Zigfrid comincia ad agitarsi nel tentativo di liberare le gambe, ottenendo solamente di sprofondare fino alla vita. "Aiutatemi, maledizione!"
Mentre Delorean e Fiona si guardano preoccupati, Miodrag si siede su un tronco ed inizia a ridere. "Davvero ottimo il tuo metodo! Sempre che il tuo scopo fosse finire nelle sabbie mobili, anziché di evitarle!"
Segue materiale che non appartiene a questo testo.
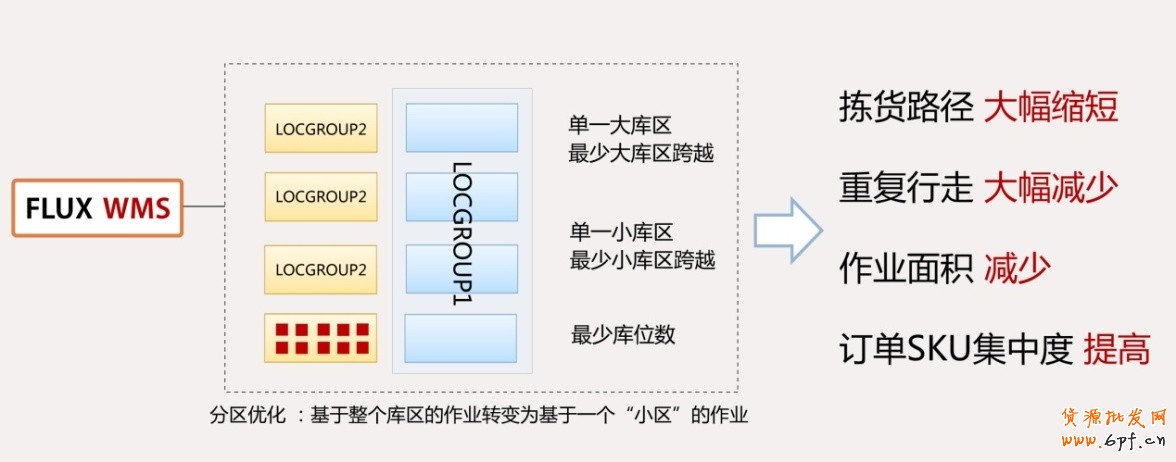 波次生成是為了多個(gè)訂單合并揀貨,提高效率,減少重復(fù)行走。波次優(yōu)化,擴(kuò)進(jìn)一步提高后續(xù)揀貨作業(yè)的效率。以下是針對(duì)邊揀邊分作業(yè)的分區(qū)優(yōu)化圖示。經(jīng)過優(yōu)化,同一波次的訂單揀選作業(yè)控制在較小作業(yè)區(qū)域。

Zigfrid risponde con una sequela di imprecazioni, nel frattempo la ladra recupera una corda dallo zaino e gliela lancia. Entrambi iniziano a tirare, ma il fango esercita una forte resistenza e rende vano il tentativo di salvataggio.
"Dai qua" ringhia il chierico, strappando dalle mani della mezzelfa la fune. Dopo averla fatta passare attorno al tronco di un albero, il mezzorco con un rapido gesto se la avvolge all'avambraccio e tira con entrambe le mani. I muscoli si tendono nello sforzo mentre la corda comincia a sfregare contro la corteccia. L'inguine di Zigfrid riemerge di pochi centimetri, poi tutti sentono un sonoro schiocco. Zolle di terra volano da tutte le parti quando le radici si sollevano perdendo la presa sul terreno. L'albero frana in avanti e si schianta al suolo, mancando Delorean di pochi centimetri.
"Ma stai cercando di aiutarlo o di ammazzarlo?" esclama ridendo lo spadaccino mentre si alza e si dirige verso l'albero caduto. Con l'aiuto di Fiona disincastra la corda impigliata nelle radici, se la lega attorno alla spalla e, gettando tutto il suo peso in avanti, inizia ad allontanarsi dal mago tra la bassa vegetazione. La figura di Zigfrid riaffiora pian piano dal fango, lasciandosi dietro due profondi solchi.
"Grazie dell'aiuto" borbotta Zigfrid.
"Ritorniamo al vecchio metodo?" ridacchia Miodrag, osservando il mago che schiocca le dita e pronuncia un paio di parole in draconico. La melma comincia a staccarsi dai vestiti e cade a terra con un sonoro splat.
"Bel siparietto" commenta la ladra, lanciando un'occhiataccia all'halfling. "Possiamo rimetterci in marcia o vuoi giocare ancora un po' con il fango?"